**** Given records ****

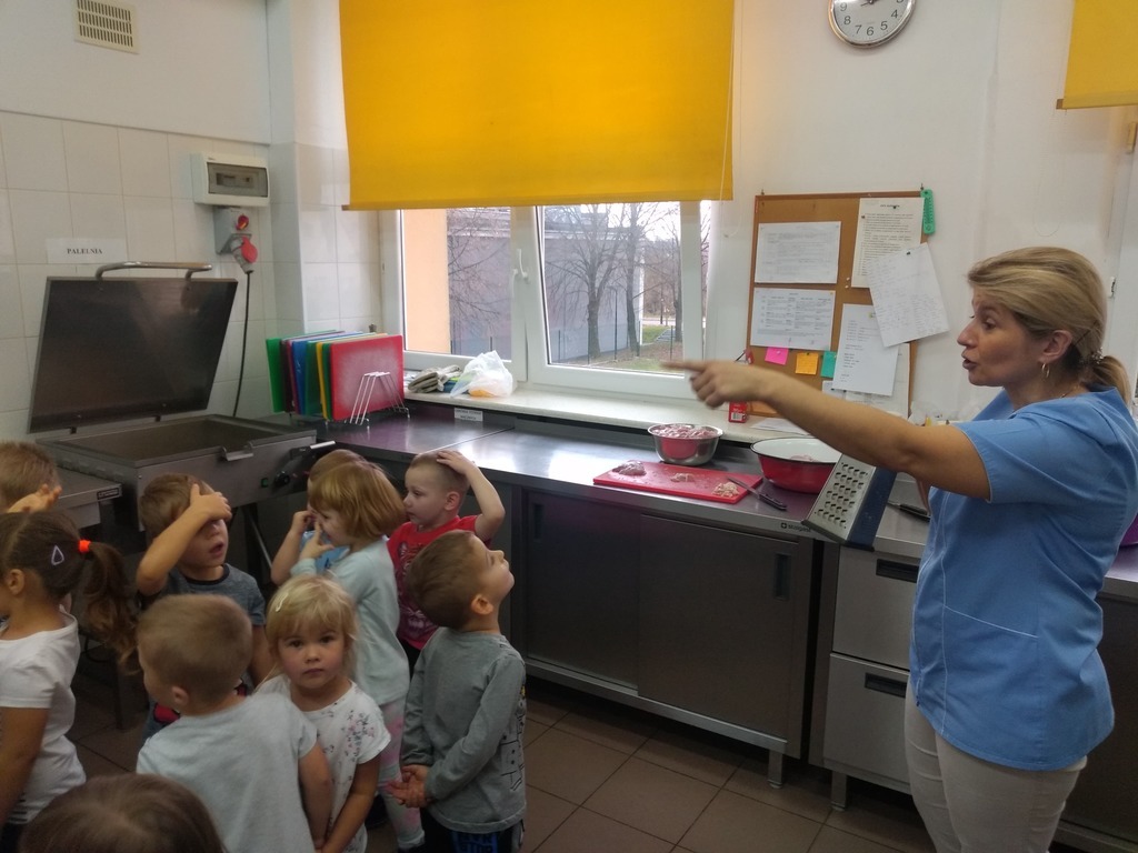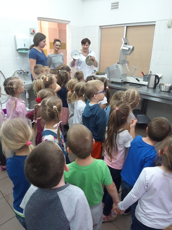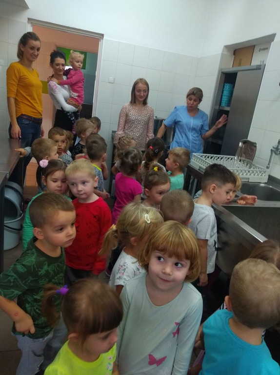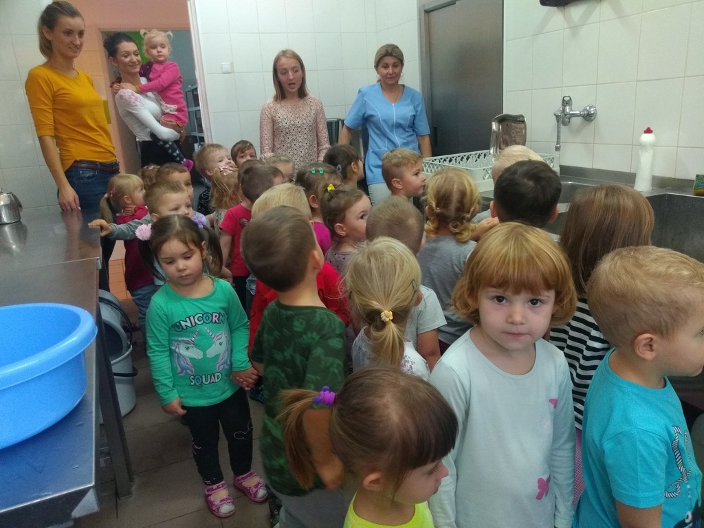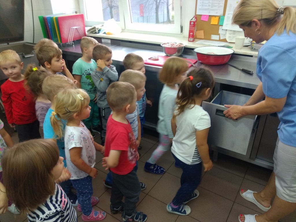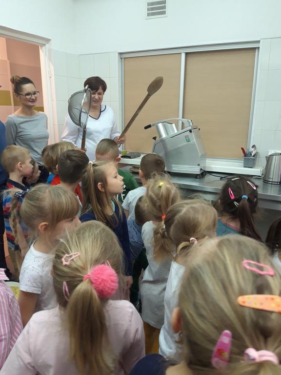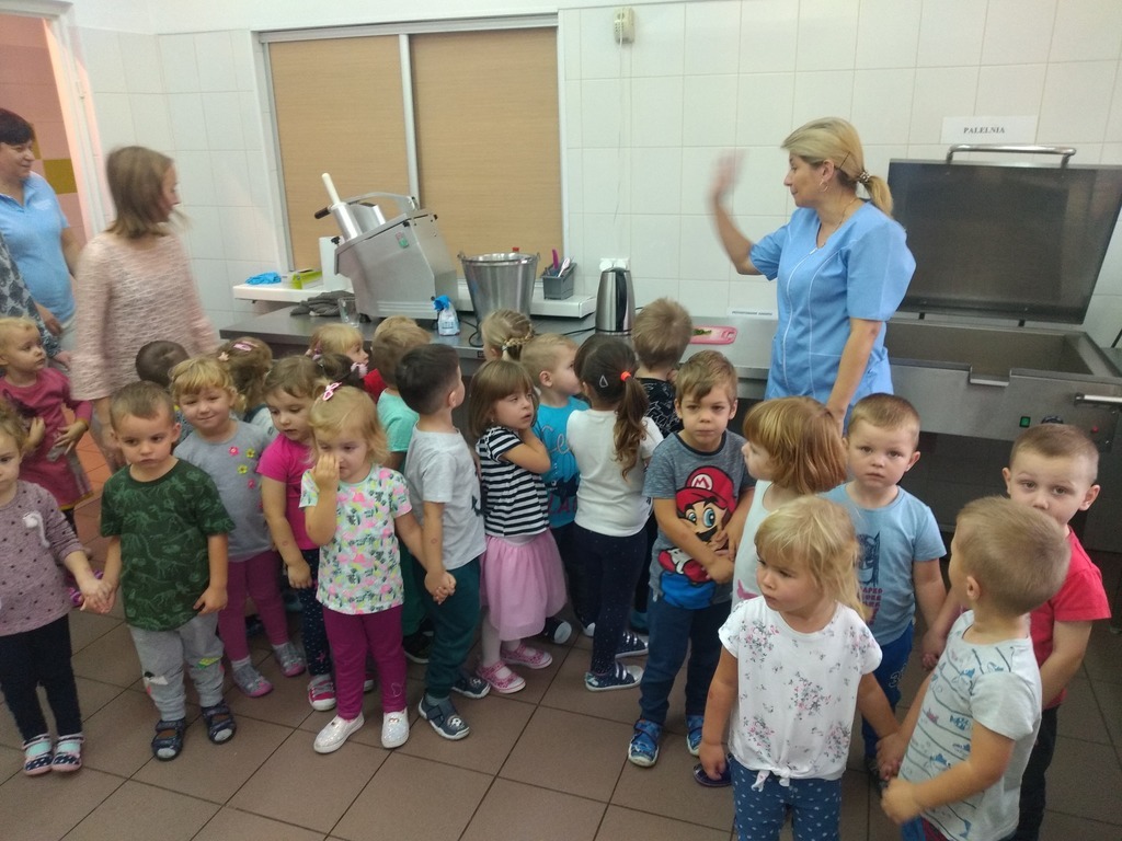 Dzieci z grupy „Jagódki” , „Krasnoludki”, „Biedronki” i „Pszczółki” w dniu 13 listopada 2019 roku odwiedziły przedszkolną kuchnię. Przedszkolaki zostały bardzo miło przywitane przez panie kucharki i oprowadzone po kuchni. Panie zapoznały dzieci ze sprzętami, których używa się do przygotowania smacznych posiłków. Dużą radością dla przedszkolaków było oglądanie ogromnych garnków, łyżek oraz innych akcesoriów niezbędnych w pracy kucharza. Dzieci z niezwykłym zaciekawieniem zwiedzały kuchnię zadając wiele pytań. Na zakończenie panie kucharki poczęstowały przedszkolaków zdrową przekąską.
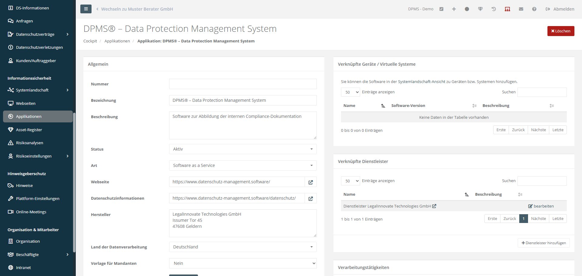 In den Applikationen steht ab sofort ein neues Feld für den Link zu „Datenschutzinformationen“ zur Verfügung.
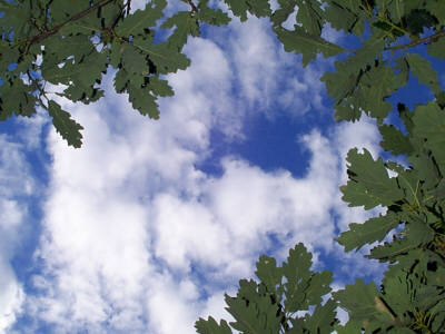 Kodak DC120 I took this one at a local park while waiting for a time-lapse video of the sky to complete. The oak leaves look as though they have been put in afterwards as part of a digital montage but the photo is as was taken. I took it under the tree and forced the flash to fire to illuminate the leaves. I didn't guess at the time just how brightly they'd be lit up – I was pleasantly surprised.
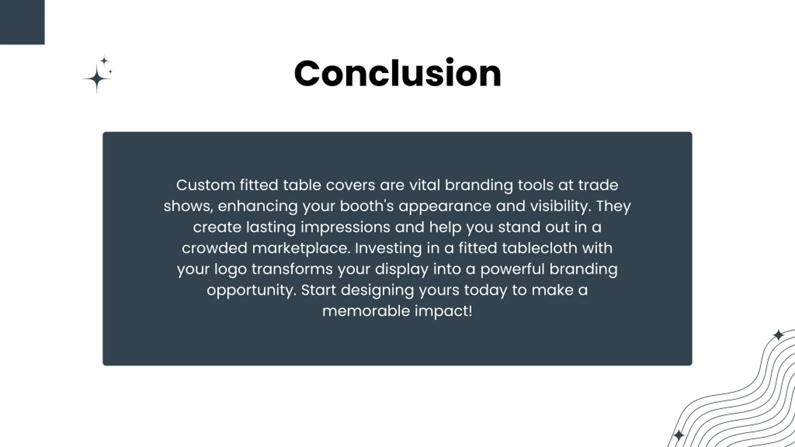 Conclusion Custom fitted table covers are vital branding tools at trade shows, enhancing your booth's appearance and visibility. They create lasting impressions and help you stand out in a crowded marketplace. Investing in a fitted tablecloth with your logo transforms your display into a powerful branding opportunity. Start designing yours today to make a memorable impact!
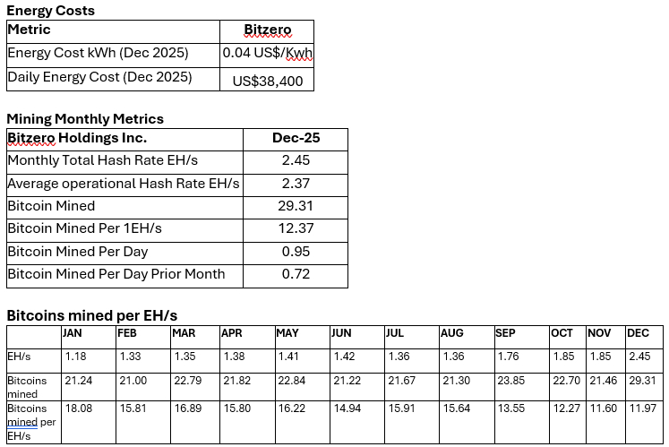 As previously announced, Bitzero remains on track to enter the next phase of expansion which is expected to deliver a total of approximately 110 MW of energized capacity by Q4 2026. Based on current forecasts, this level of capacity could support ~10.0 EH/s if fully allocated to Bitcoin mining. A further potential expansion phase is planned for completion by Q4 2027 and would increase total energized capacity to approximately 325 MW if completed as contemplated. A fully dedicated 325 MW of capacity to Bitcoin mining could support up to ~ 30.0 EH/s.
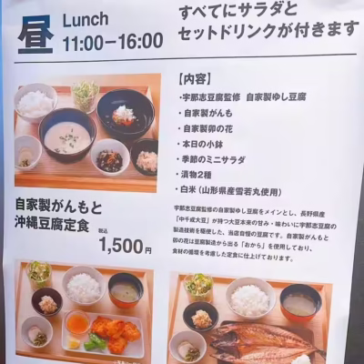 銀座 にある「MUJI DINER」 の自家製がんもと沖縄豆腐定食を食べました。沖縄にある美味しいお豆腐屋さん宇那志豆腐 さんが監修する #ゆし豆腐 、おからを使用したがんも、うの花が楽しめます。ゆし豆腐には、長野県産の 中千成 を使用しているそうです。沖縄のゆし豆腐に比べ、お豆腐のひとつの塊が大きいように感じました。味は濃すぎず美味しかったです。また、がんもはふつう豆腐からできていると思いますが、このがんもはおからからできていて、大豆も混ざっていました。揚げ焼きのような形になっていて、味が絶妙で本当に美味しかったです。がんもを買って帰れたらいいのに…と思います!
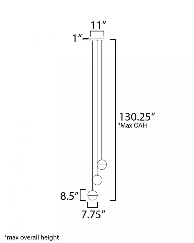 Spun metal semi spheres finished in Satin Nickel, Metallic Gold or Matte Black, cap a Satin White glass shade. Installed into each fixture is an omni-directional LED bulb that evenly illuminates the glass while providing long life operation.
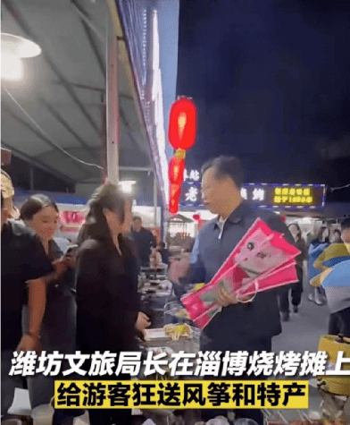 我們看到,濰坊文旅局副局長帶著7個縣的文旅局長跑到淄博燒烤攤推銷濰坊特產(淄博到濰坊隻需要半小時高鐵車程);
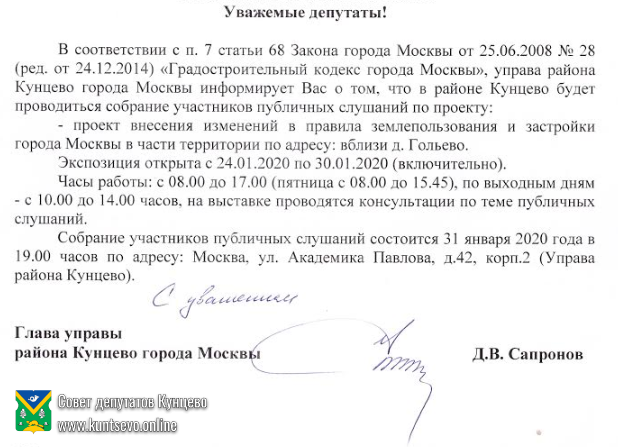 Оповещение о проведении публичных слушаний в районе Кунцево
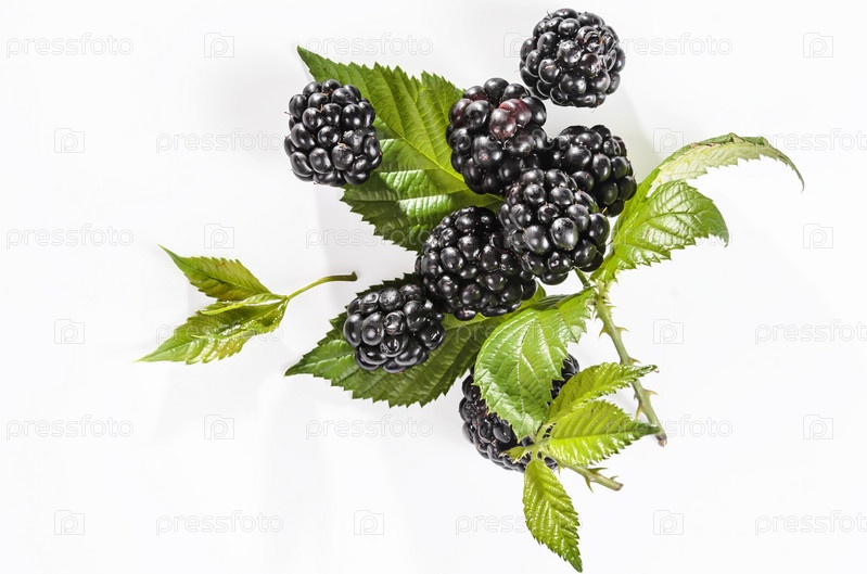 Спелая ежевика с листьями на белом фоне с мягкой тенью
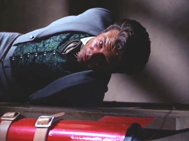 The villian's henchmen have tied Jim to a rocket-propelled rail cart.
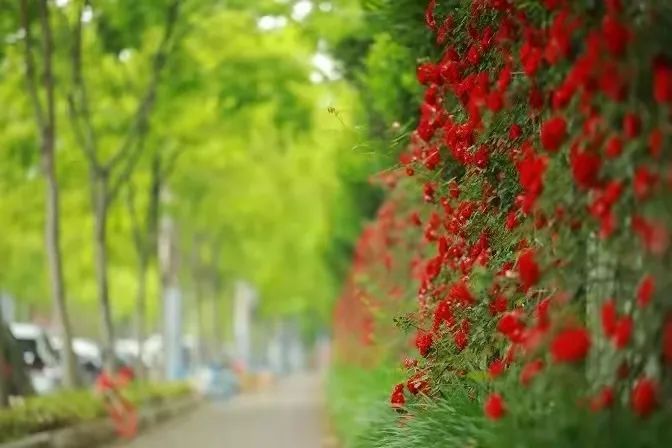 桂江路绿地月季花一团团、一簇簇,
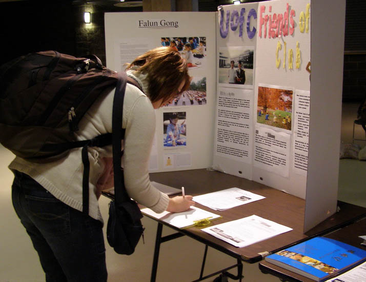 不少学生仔细观看了画展,表示难以置信在中国竟然还存在着如此严重的信仰迫害!并纷纷在“法轮功之友”的签名本上签字,声援和支持法轮功团体的反迫害行动。
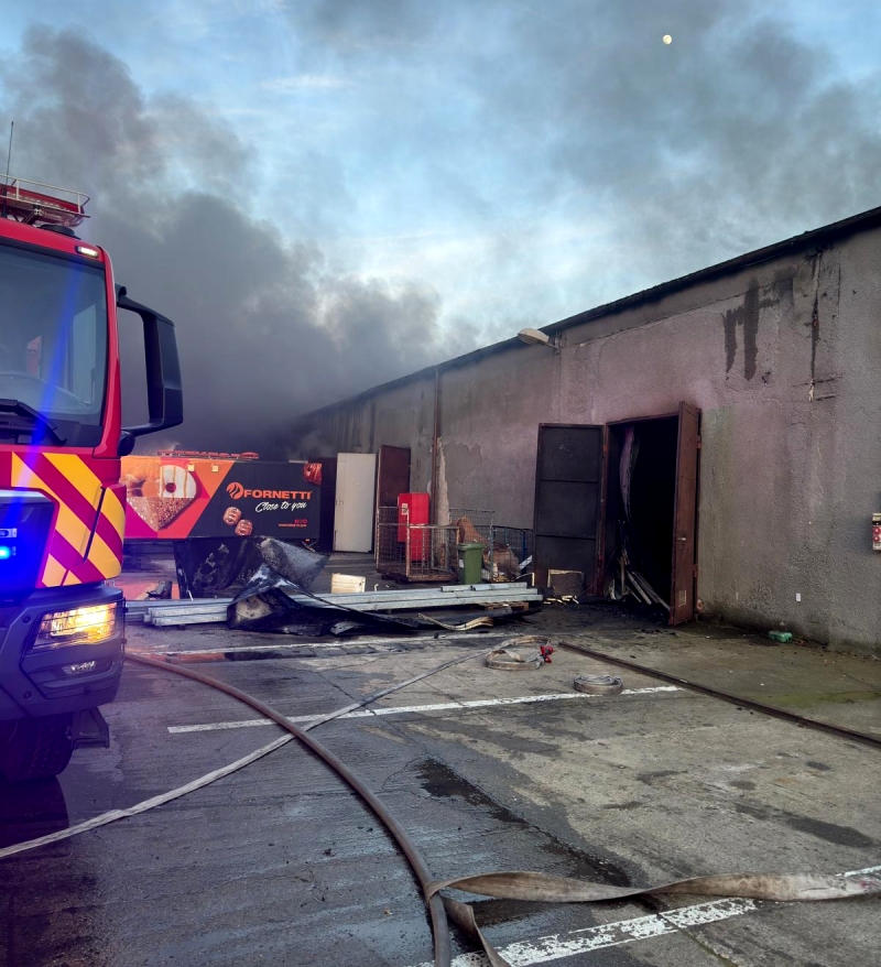 VIDEO / Depozitul companiei de produse de patiserie Fornetti din Timis, aproape mistuit intr-un incendiu. 148 de persoane, evacuate in siguranta
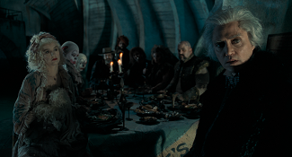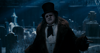 Notons enfin que Batman, le défi n’est pas seulement un film où il fait (très) sombre. C’est surtout un film où il fait (très) froid. Où le froid finit par se propager partout : les extérieurs, les intérieurs, les caractères, la neige qui tombe non-stop sur Gotham jusqu’à la recouvrir totalement, voire même cette célèbre soupe française qu’Alfred sert à Bruce Wayne ! Et où le chaud, lorsqu’il surgit, donne la très nette sensation que les choses vont se gâter – c’est en effet la « chaleur » qui tuera in fine Shreck et le Pingouin. Cet effet réfrigérant que le film réussit à propager hors de l’écran n’est pas anodin. On en revient encore à l’enfance, cette période instable dans laquelle sont restés bel et bien gelés tous ceux qui ont épousé la marge par contrainte ou par pulsion. La divagation et la confusion qui les caractérisent à visage humain disent tout du chaos qui les habite. Qu’il s’agisse d’un Oswald revenu à la surface ou d’un Selina perdue dans sa propre surface, le résultat est le même : tous s’embrouillent, divaguent, se parlent à eux-mêmes, déambulent et saccagent tout ce qui les entoure comme des gosses, et laissent parfois leur âme d’enfant prendre le dessus sur leur lucidité (voir la déclaration d’amour finale de Selina à Bruce, se rêvant en princesse d’un conte de fées !). Des adultes morts-vivants qui, une fois « ressuscités », seraient tout à coup revenus à cet âge où il faut encore trouver ses mots, apprendre à tirer profit de ces jouets tombés du ciel au lieu de les casser par réflexe, se confronter au monde en général et à l’Autre en particulier (avec le conflit et la violence comme langage premier) et éprouver l’espace pour espérer y trouver sa place. Une quête d’identité où le raisonnement humain et celui du « monstre » ne cessent jamais de se confondre, tout au long de dialogues écrits à double sens et de situations gorgées de sous-entendus redoutables. Avec, en bout de spleen, un destin tragique scellé au mieux dans l’obscurité, au pire dans la mort – les « funérailles aquatiques » du Pingouin valent bien le final d’Elephant Man en matière de climax émotionnel.

****

*Work to be completed*
The whole listing should be printed again exactly as written, images excluded.

*Answer box*
 Dzieci z grupy „Jagódki” , „Krasnoludki”, „Biedronki” i „Pszczółki” w dniu 13 listopada 2019 roku odwiedziły przedszkolną kuchnię. Przedszkolaki zostały bardzo miło przywitane przez panie kucharki i oprowadzone po kuchni. Panie zapoznały dzieci ze sprzętami, których używa się do przygotowania smacznych posiłków. Dużą radością dla przedszkolaków było oglądanie ogromnych garnków, łyżek oraz innych akcesoriów niezbędnych w pracy kucharza. Dzieci z niezwykłym zaciekawieniem zwiedzały kuchnię zadając wiele pytań. Na zakończenie panie kucharki poczęstowały przedszkolaków zdrową przekąską.
 In den Applikationen steht ab sofort ein neues Feld für den Link zu „Datenschutzinformationen“ zur Verfügung.
 Kodak DC120 I took this one at a local park while waiting for a time-lapse video of the sky to complete. The oak leaves look as though they have been put in afterwards as part of a digital montage but the photo is as was taken. I took it under the tree and forced the flash to fire to illuminate the leaves. I didn't guess at the time just how brightly they'd be lit up – I was pleasantly surprised.
 Conclusion Custom fitted table covers are vital branding tools at trade shows, enhancing your booth's appearance and visibility. They create lasting impressions and help you stand out in a crowded marketplace. Investing in a fitted tablecloth with your logo transforms your display into a powerful branding opportunity. Start designing yours today to make a memorable impact!
 As previously announced, Bitzero remains on track to enter the next phase of expansion which is expected to deliver a total of approximately 110 MW of energized capacity by Q4 2026. Based on current forecasts, this level of capacity could support ~10.0 EH/s if fully allocated to Bitcoin mining. A further potential expansion phase is planned for completion by Q4 2027 and would increase total energized capacity to approximately 325 MW if completed as contemplated. A fully dedicated 325 MW of capacity to Bitcoin mining could support up to ~ 30.0 EH/s.
 銀座 にある「MUJI DINER」 の自家製がんもと沖縄豆腐定食を食べました。沖縄にある美味しいお豆腐屋さん宇那志豆腐 さんが監修する #ゆし豆腐 、おからを使用したがんも、うの花が楽しめます。ゆし豆腐には、長野県産の 中千成 を使用しているそうです。沖縄のゆし豆腐に比べ、お豆腐のひとつの塊が大きいように感じました。味は濃すぎず美味しかったです。また、がんもはふつう豆腐からできていると思いますが、このがんもはおからからできていて、大豆も混ざっていました。揚げ焼きのような形になっていて、味が絶妙で本当に美味しかったです。がんもを買って帰れたらいいのに…と思います!
 Spun metal semi spheres finished in Satin Nickel, Metallic Gold or Matte Black, cap a Satin White glass shade. Installed into each fixture is an omni-directional LED bulb that evenly illuminates the glass while providing long life operation.
 我們看到,濰坊文旅局副局長帶著7個縣的文旅局長跑到淄博燒烤攤推銷濰坊特產(淄博到濰坊隻需要半小時高鐵車程);
 Оповещение о проведении публичных слушаний в районе Кунцево
 Спелая ежевика с листьями на белом фоне с мягкой тенью
 The villian's henchmen have tied Jim to a rocket-propelled rail cart.
 桂江路绿地月季花一团团、一簇簇,
 不少学生仔细观看了画展,表示难以置信在中国竟然还存在着如此严重的信仰迫害!并纷纷在“法轮功之友”的签名本上签字,声援和支持法轮功团体的反迫害行动。
 VIDEO / Depozitul companiei de produse de patiserie Fornetti din Timis, aproape mistuit intr-un incendiu. 148 de persoane, evacuate in siguranta
 Notons enfin que Batman, le défi n’est pas seulement un film où il fait (très) sombre. C’est surtout un film où il fait (très) froid. Où le froid finit par se propager partout : les extérieurs, les intérieurs, les caractères, la neige qui tombe non-stop sur Gotham jusqu’à la recouvrir totalement, voire même cette célèbre soupe française qu’Alfred sert à Bruce Wayne ! Et où le chaud, lorsqu’il surgit, donne la très nette sensation que les choses vont se gâter – c’est en effet la « chaleur » qui tuera in fine Shreck et le Pingouin. Cet effet réfrigérant que le film réussit à propager hors de l’écran n’est pas anodin. On en revient encore à l’enfance, cette période instable dans laquelle sont restés bel et bien gelés tous ceux qui ont épousé la marge par contrainte ou par pulsion. La divagation et la confusion qui les caractérisent à visage humain disent tout du chaos qui les habite. Qu’il s’agisse d’un Oswald revenu à la surface ou d’un Selina perdue dans sa propre surface, le résultat est le même : tous s’embrouillent, divaguent, se parlent à eux-mêmes, déambulent et saccagent tout ce qui les entoure comme des gosses, et laissent parfois leur âme d’enfant prendre le dessus sur leur lucidité (voir la déclaration d’amour finale de Selina à Bruce, se rêvant en princesse d’un conte de fées !). Des adultes morts-vivants qui, une fois « ressuscités », seraient tout à coup revenus à cet âge où il faut encore trouver ses mots, apprendre à tirer profit de ces jouets tombés du ciel au lieu de les casser par réflexe, se confronter au monde en général et à l’Autre en particulier (avec le conflit et la violence comme langage premier) et éprouver l’espace pour espérer y trouver sa place. Une quête d’identité où le raisonnement humain et celui du « monstre » ne cessent jamais de se confondre, tout au long de dialogues écrits à double sens et de situations gorgées de sous-entendus redoutables. Avec, en bout de spleen, un destin tragique scellé au mieux dans l’obscurité, au pire dans la mort – les « funérailles aquatiques » du Pingouin valent bien le final d’Elephant Man en matière de climax émotionnel.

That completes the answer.